Re: [PATCH v2 28/39] x86/cet/shstk: Introduce map_shadow_stack syscall

Florian Weimer <fweimer@xxxxxxxxxx> · Mon, 10 Oct 2022 13:13:05 +0200

* Rick Edgecombe:

> When operating with shadow stacks enabled, the kernel will automatically
> allocate shadow stacks for new threads, however in some cases userspace
> will need additional shadow stacks. The main example of this is the
> ucontext family of functions, which require userspace allocating and
> pivoting to userspace managed stacks.
>
> Unlike most other user memory permissions, shadow stacks need to be
> provisioned with special data in order to be useful. They need to be setup
> with a restore token so that userspace can pivot to them via the RSTORSSP
> instruction. But, the security design of shadow stack's is that they
> should not be written to except in limited circumstances. This presents a
> problem for userspace, as to how userspace can provision this special
> data, without allowing for the shadow stack to be generally writable.
>
> Previously, a new PROT_SHADOW_STACK was attempted, which could be
> mprotect()ed from RW permissions after the data was provisioned. This was
> found to not be secure enough, as other thread's could write to the
> shadow stack during the writable window.
>
> The kernel can use a special instruction, WRUSS, to write directly to
> userspace shadow stacks.
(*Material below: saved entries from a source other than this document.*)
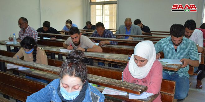 يقدم طلاب التعليم المفتوح في جامعة البعث امتحاناتهم وسط اتخاذ إجراءات مشددة للتصدي لفيروس كورونا وضمان السلامة العامة.
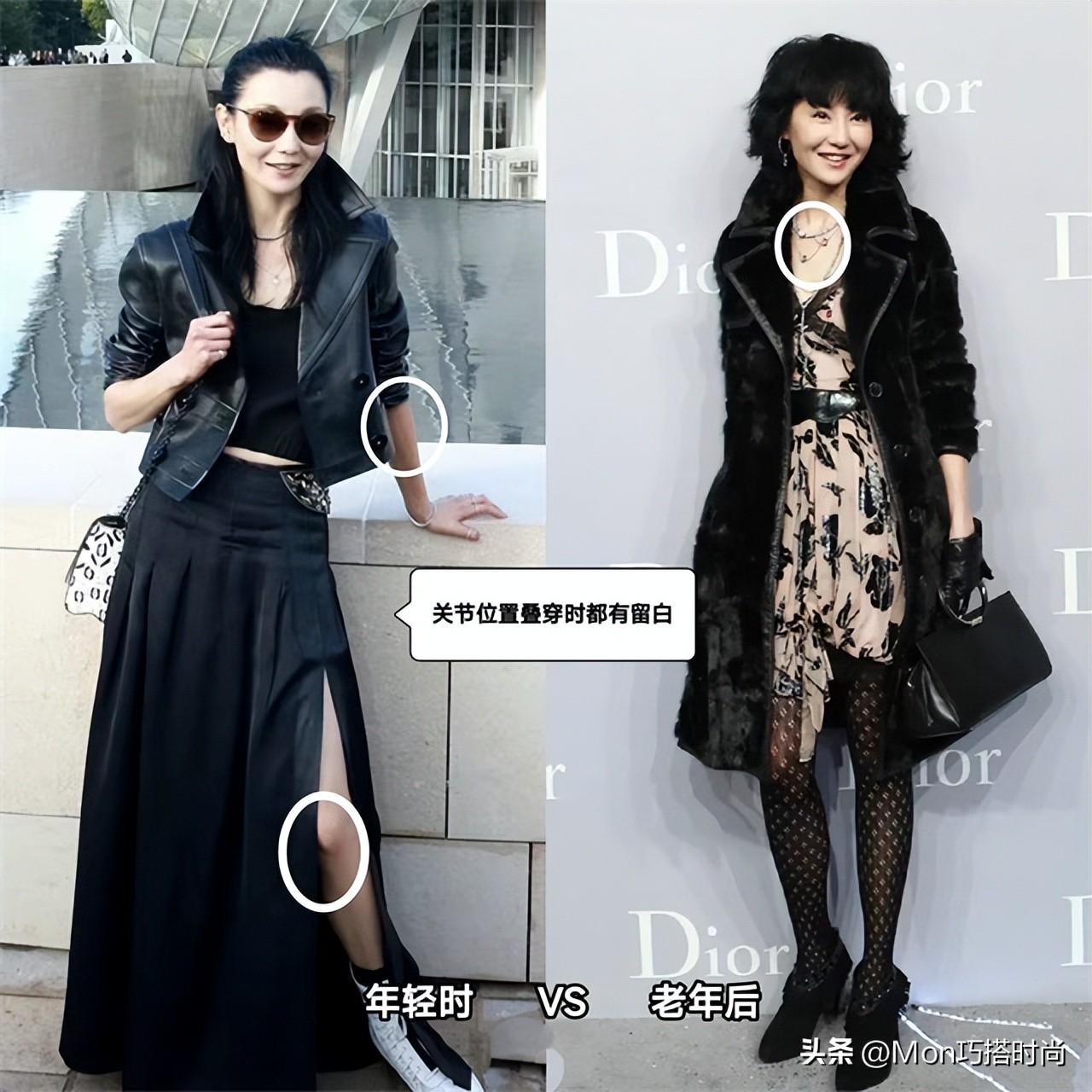 张曼玉也是叠穿的爱好者,年轻时用皮衣叠穿西装裙时就爱露出锁骨、手腕增加清爽感。老年后,穿皮草叠穿碎花裙、黑丝时,也同样采用了在锁骨、手腕处的留白穿法,让美丽永不落幕!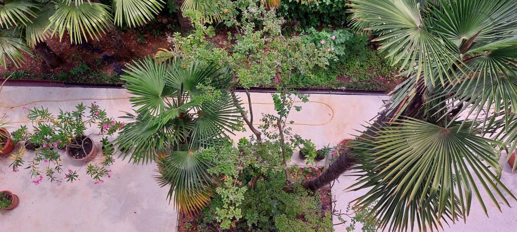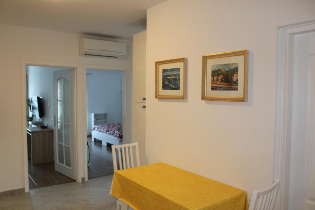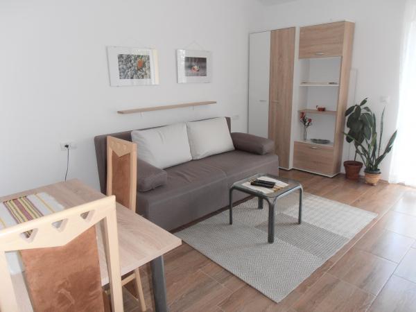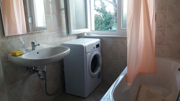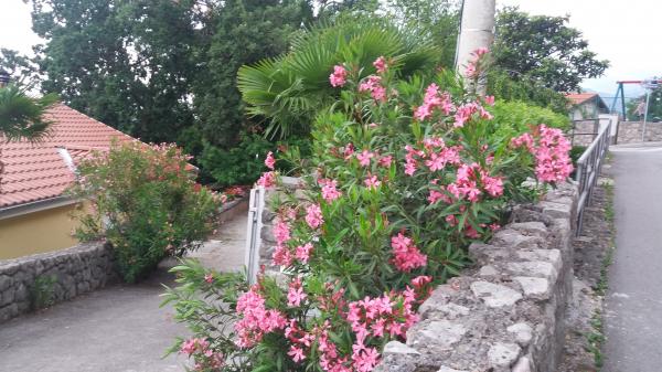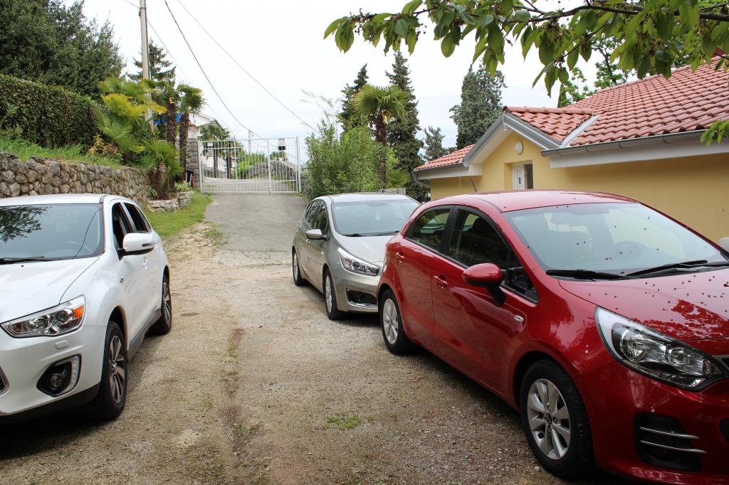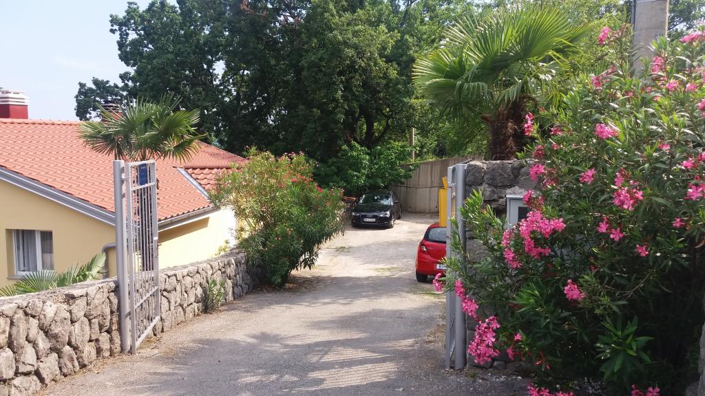 Miejsca parkingowe znajdują się na podwórzu, kilka metrów od wejścia. Do drzwi wejściowych prowadzą tylko 3 stopnie. Pozycja: od strony wejścia - parter od strony morza - 2 piętro Na piętrze znajdują się 2 apartamenty, pozostała część domu jest użytkowana prywatnie. Sąsiednie domy nie są zbyt blisko. Jest dużo zieleni.

So the solution can be that memory can be mapped
> as shadow stack permissions from the beginning (never generally writable
> in userspace), and the kernel itself can write the restore token.
>
> First, a new madvise() flag was explored, which could operate on the
> PROT_SHADOW_STACK memory. This had a couple downsides:
> 1. Extra checks were needed in mprotect() to prevent writable memory from
>    ever becoming PROT_SHADOW_STACK.
> 2. Extra checks/vma state were needed in the new madvise() to prevent
>    restore tokens being written into the middle of pre-used shadow stacks.
>    It is ideal to prevent restore tokens being added at arbitrary
>    locations, so the check was to make sure the shadow stack had never been
>    written to.
> 3. It stood out from the rest of the madvise flags, as more of direct
>    action than a hint at future desired behavior.
>
> So rather than repurpose two existing syscalls (mmap, madvise) that don't
> quite fit, just implement a new map_shadow_stack syscall to allow
> userspace to map and setup new shadow stacks in one step. While ucontext
> is the primary motivator, userspace may have other unforeseen reasons to
> setup it's own shadow stacks using the WRSS instruction. Towards this
> provide a flag so that stacks can be optionally setup securely for the
> common case of ucontext without enabling WRSS. Or potentially have the
> kernel set up the shadow stack in some new way.
>
> The following example demonstrates how to create a new shadow stack with
> map_shadow_stack:
> void *shstk = map_shadow_stack(adrr, stack_size, SHADOW_STACK_SET_TOKEN);

Jason has recently been working on vDSO-based getrandom acceleration.
It needs a way for a userspace thread to allocate userspace memory in a
specific way.  Jason proposed to use a vDSO call as the interface, not a
system call.

Maybe this approach is applicable here as well?  Or we can come up with
a more general interface for such per-thread allocations?

Thanks,
Florian